Instructions for the task | Copy every record word for word. The images stay behind.

*** Data for the task ***

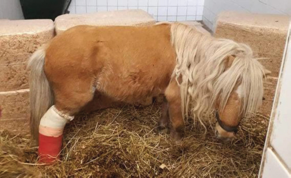 Fig. 2. Image of the pony a few days after surgery with the immobilization on the right hindlimb reinforced by the application of a full limb cast.
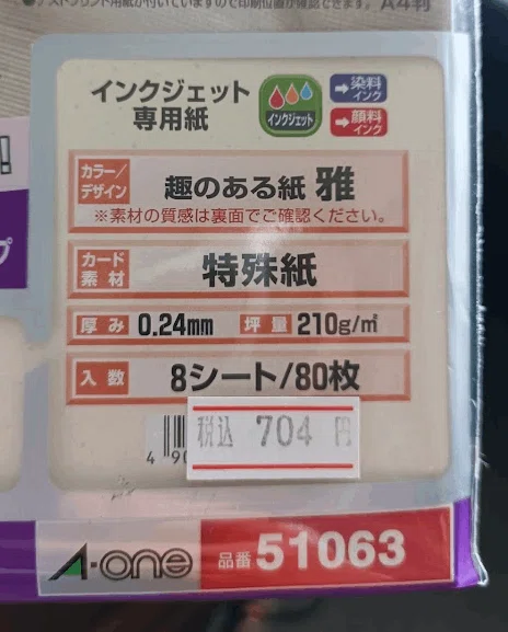 A4のマルチカードに印刷
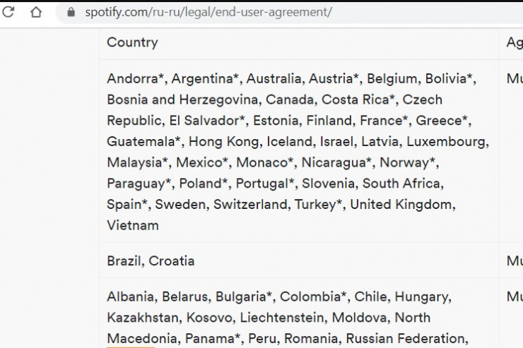 Шведский музыкальный сервис Spotify обновил пользовательское соглашение, в котором теперь упоминается Казахстан, передает Tengrinews.kz со ссылкой на "Код Дурова".
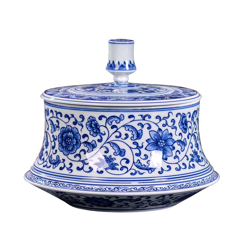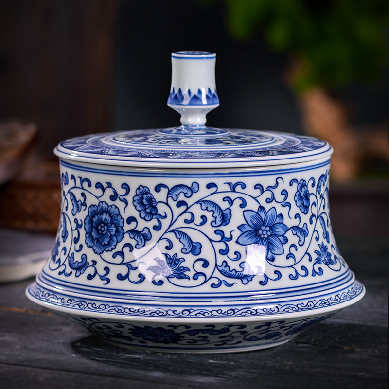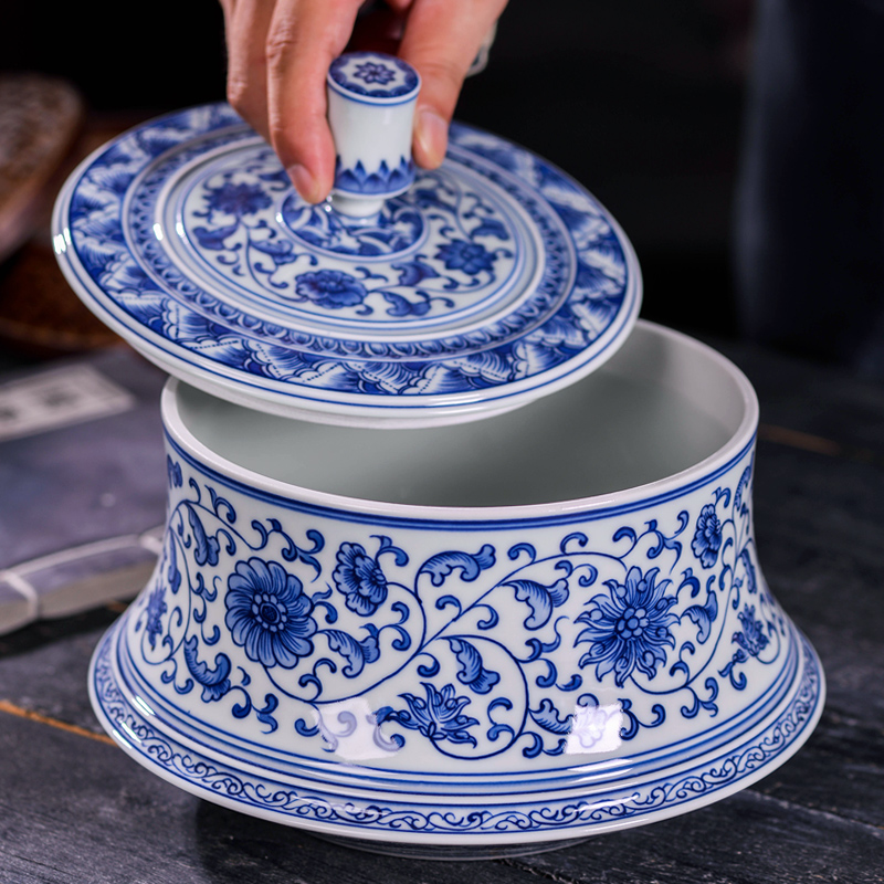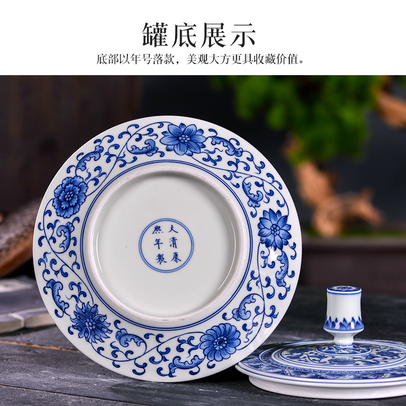 Jingdezhen Ceramic Blue Porcelain Large Tea Can Household Pu-yu Tea Box with pure hand sealed cans
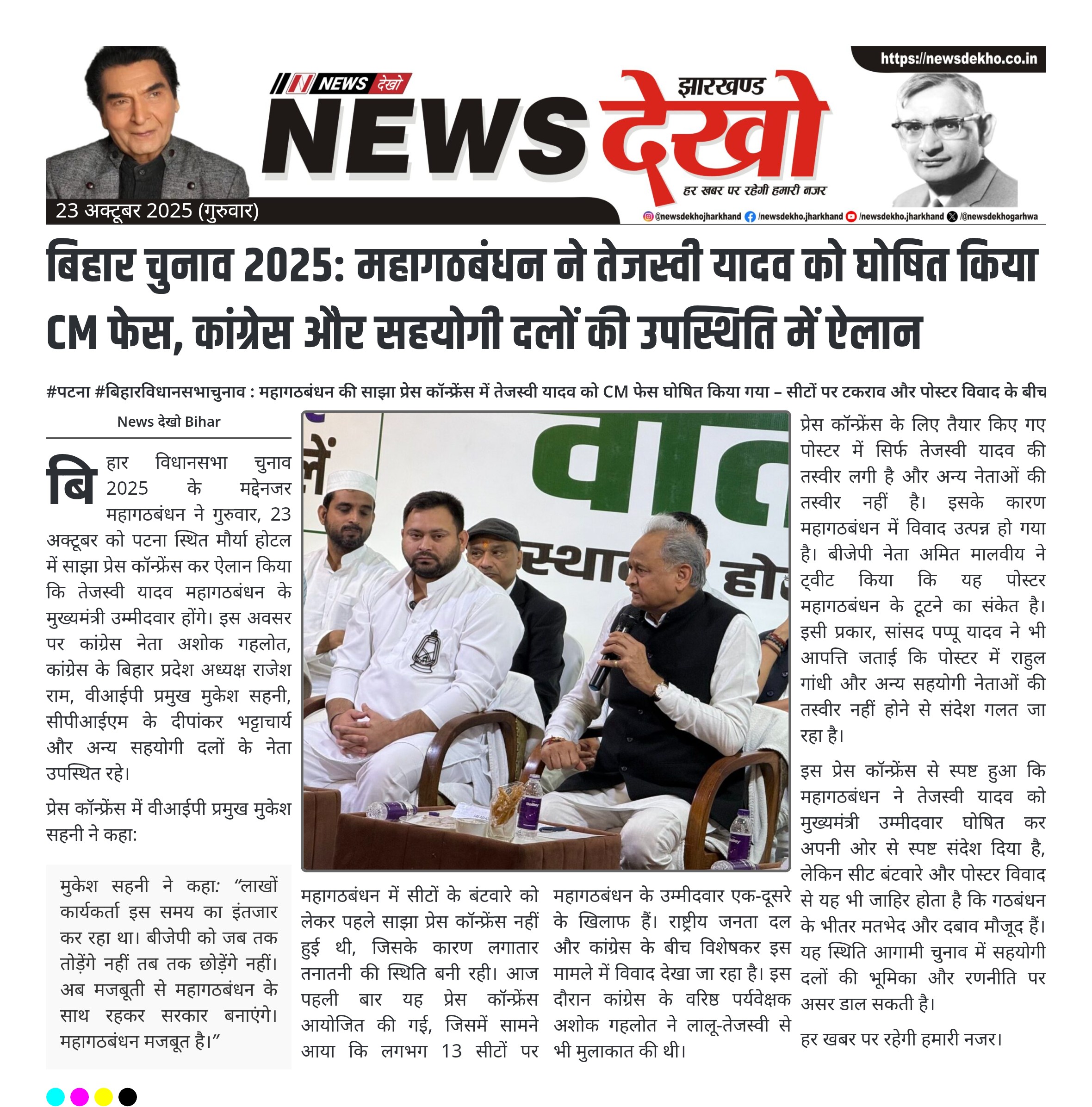 #पटना #बिहारविधानसभाचुनाव : महागठबंधन की साझा प्रेस कॉन्फ्रेंस में तेजस्वी यादव को CM फेस घोषित किया गया – सीटों पर टकराव और पोस्टर विवाद के बीच ऐलान तेजस्वी यादव महागठबंधन के मुख्यमंत्री उम्मीदवार घोषित। साझा प्रेस कॉन्फ्रेंस पटना के मौर्या होटल में आयोजित। अशोक गहलोत, राजेश राम, मुकेश सहनी और…
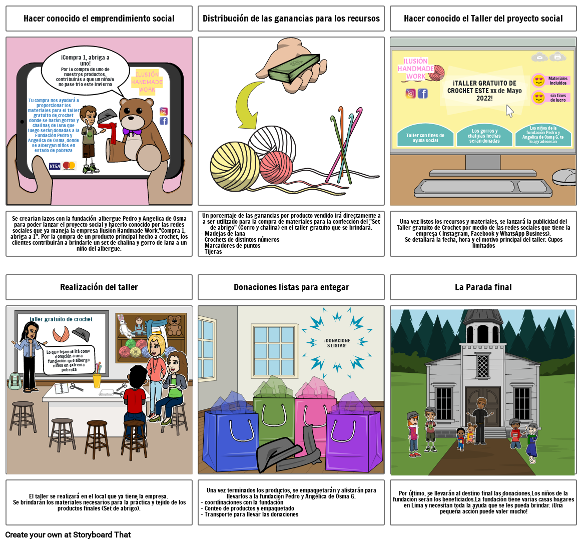 Se crearian lazos con la fundación-albergue Pedro y Angelica de Osma para poder lanzar el proyecto social y hacerlo conocido por las redes sociales que ya maneja la empresa Ilusión Handmade Work."Compra 1, abriga a 1": Por la compra de un producto principal hecho a crochet, los clientes contribuirán a brindarle un set de chalina y gorro de lana a un niño del albergue.
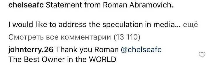 «Спасибо, Роман. Лучший владелец в мире», – написал экс-защитник лондонского клуба в комментариях к заявлению бизнесмена.
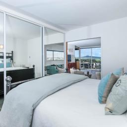 King sized main bedroom and a smaller second bedroom (still suitable for a queen bed) or work from home. Both bedrooms have ample built in wardrobing with the master featuring harbour views.
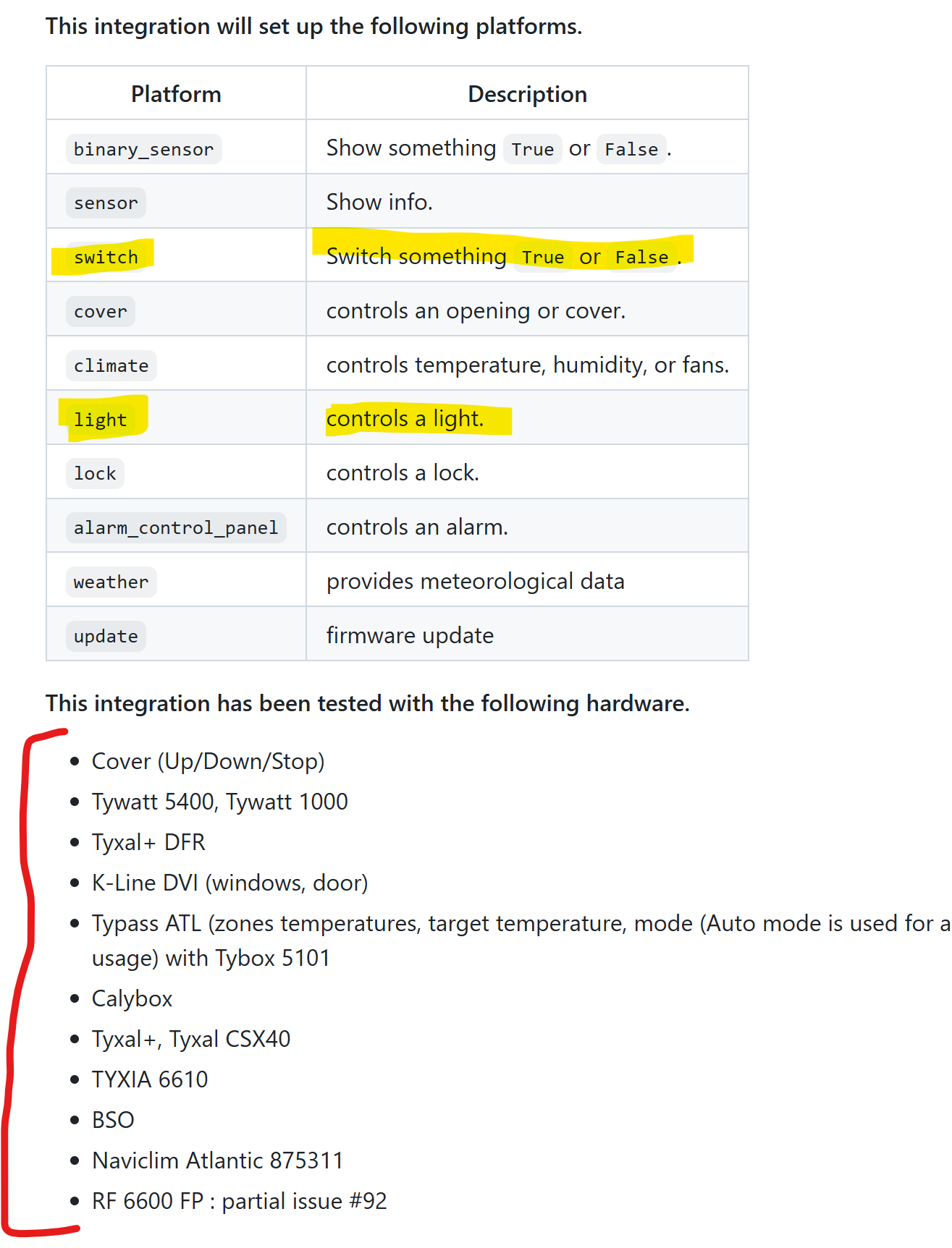 L’intégration Deltadore tydom demande souvent une réinitialisation "Echec de la configuration alors que rien n’a changé), donc je la garde en réserve pour plus tard.
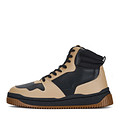 Черно-бежевые высокие кеды идеально дополнят гардероб активной городской женщины. Верх выполнен из практичной искусственной кожи нового поколения. Пара утеплена мягким ворсином. Высокая подошва из материала ТЭП отличается легкостью, устойчивостью к истиранием и хорошим сцеплением с поверхностью.
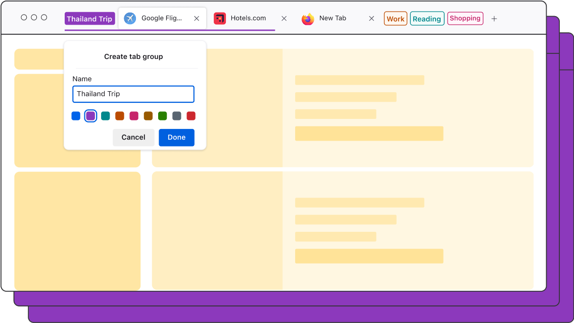 用户还可为每个群组命名或设置颜色,标签组列表会显示在 Firefox 浏览器顶部菜单的右侧,在旅行规划、比价购物或项目研究时,用户可归类相关标签,避免浏览器界面杂乱无章。
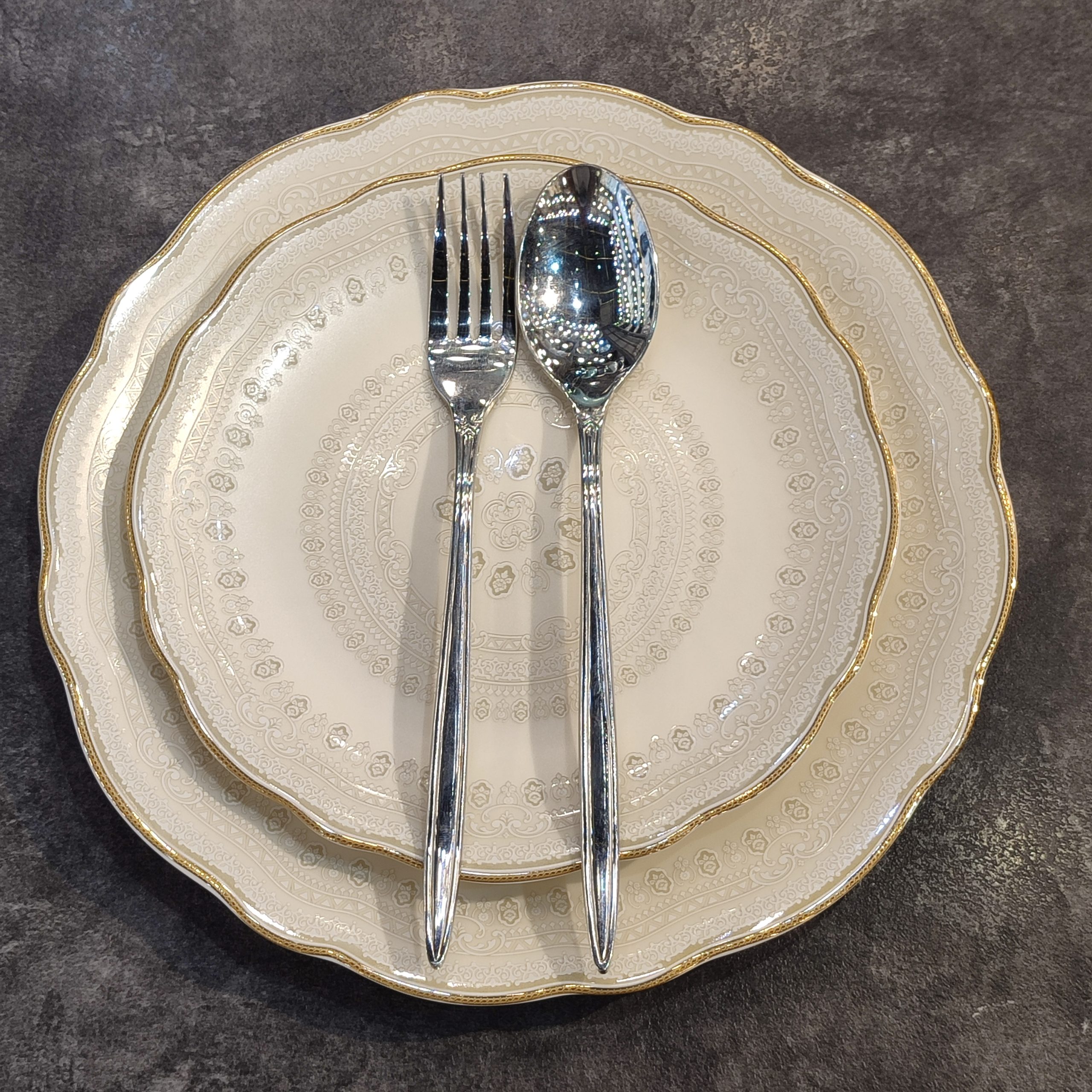 این طراحی با استفاده از متریال سلیس ایتالیایی و پلاتين صنعتی المانی انجام شده. این سرویس کاملا ضدخش و ضد لک میباشد وهمچنین بسیار سبک نیز می باشد. قالب ملبورن الهام گرفته از جدیدترین تکنولوژی روز دنیا از صنعت بن چاینا می باشد. چینی استخوانی الیزابت از لحاظ علم سرامیک محصولی بسیار سبک با قابلیت گذردهی نور بسیار شفاف وبا ضمانت ظرف شویی می باشد
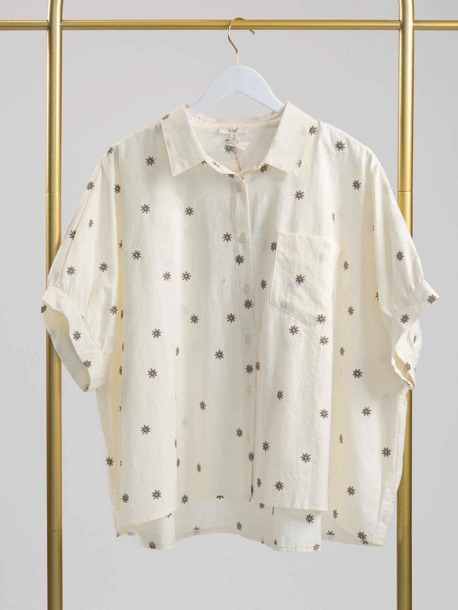 This super cute summary-down top makes getting dressed so easy, and the embroidered detailing is literally the perfect touch! You know this is just what your wardrobe needs! Snag while you can!

*** End of Data for the task ***

Exercise output |
 Fig. 2. Image of the pony a few days after surgery with the immobilization on the right hindlimb reinforced by the application of a full limb cast.
 A4のマルチカードに印刷
 Шведский музыкальный сервис Spotify обновил пользовательское соглашение, в котором теперь упоминается Казахстан, передает Tengrinews.kz со ссылкой на "Код Дурова".
 Jingdezhen Ceramic Blue Porcelain Large Tea Can Household Pu-yu Tea Box with pure hand sealed cans
 #पटना #बिहारविधानसभाचुनाव : महागठबंधन की साझा प्रेस कॉन्फ्रेंस में तेजस्वी यादव को CM फेस घोषित किया गया – सीटों पर टकराव और पोस्टर विवाद के बीच ऐलान तेजस्वी यादव महागठबंधन के मुख्यमंत्री उम्मीदवार घोषित। साझा प्रेस कॉन्फ्रेंस पटना के मौर्या होटल में आयोजित। अशोक गहलोत, राजेश राम, मुकेश सहनी और…
 Se crearian lazos con la fundación-albergue Pedro y Angelica de Osma para poder lanzar el proyecto social y hacerlo conocido por las redes sociales que ya maneja la empresa Ilusión Handmade Work."Compra 1, abriga a 1": Por la compra de un producto principal hecho a crochet, los clientes contribuirán a brindarle un set de chalina y gorro de lana a un niño del albergue.
 «Спасибо, Роман. Лучший владелец в мире», – написал экс-защитник лондонского клуба в комментариях к заявлению бизнесмена.
 King sized main bedroom and a smaller second bedroom (still suitable for a queen bed) or work from home. Both bedrooms have ample built in wardrobing with the master featuring harbour views.
 L’intégration Deltadore tydom demande souvent une réinitialisation "Echec de la configuration alors que rien n’a changé), donc je la garde en réserve pour plus tard.
 Черно-бежевые высокие кеды идеально дополнят гардероб активной городской женщины. Верх выполнен из практичной искусственной кожи нового поколения. Пара утеплена мягким ворсином. Высокая подошва из материала ТЭП отличается легкостью, устойчивостью к истиранием и хорошим сцеплением с поверхностью.
 用户还可为每个群组命名或设置颜色,标签组列表会显示在 Firefox 浏览器顶部菜单的右侧,在旅行规划、比价购物或项目研究时,用户可归类相关标签,避免浏览器界面杂乱无章。
 این طراحی با استفاده از متریال سلیس ایتالیایی و پلاتين صنعتی المانی انجام شده. این سرویس کاملا ضدخش و ضد لک میباشد وهمچنین بسیار سبک نیز می باشد. قالب ملبورن الهام گرفته از جدیدترین تکنولوژی روز دنیا از صنعت بن چاینا می باشد. چینی استخوانی الیزابت از لحاظ علم سرامیک محصولی بسیار سبک با قابلیت گذردهی نور بسیار شفاف وبا ضمانت ظرف شویی می باشد
 This super cute summary-down top makes getting dressed so easy, and the embroidered detailing is literally the perfect touch! You know this is just what your wardrobe needs! Snag while you can!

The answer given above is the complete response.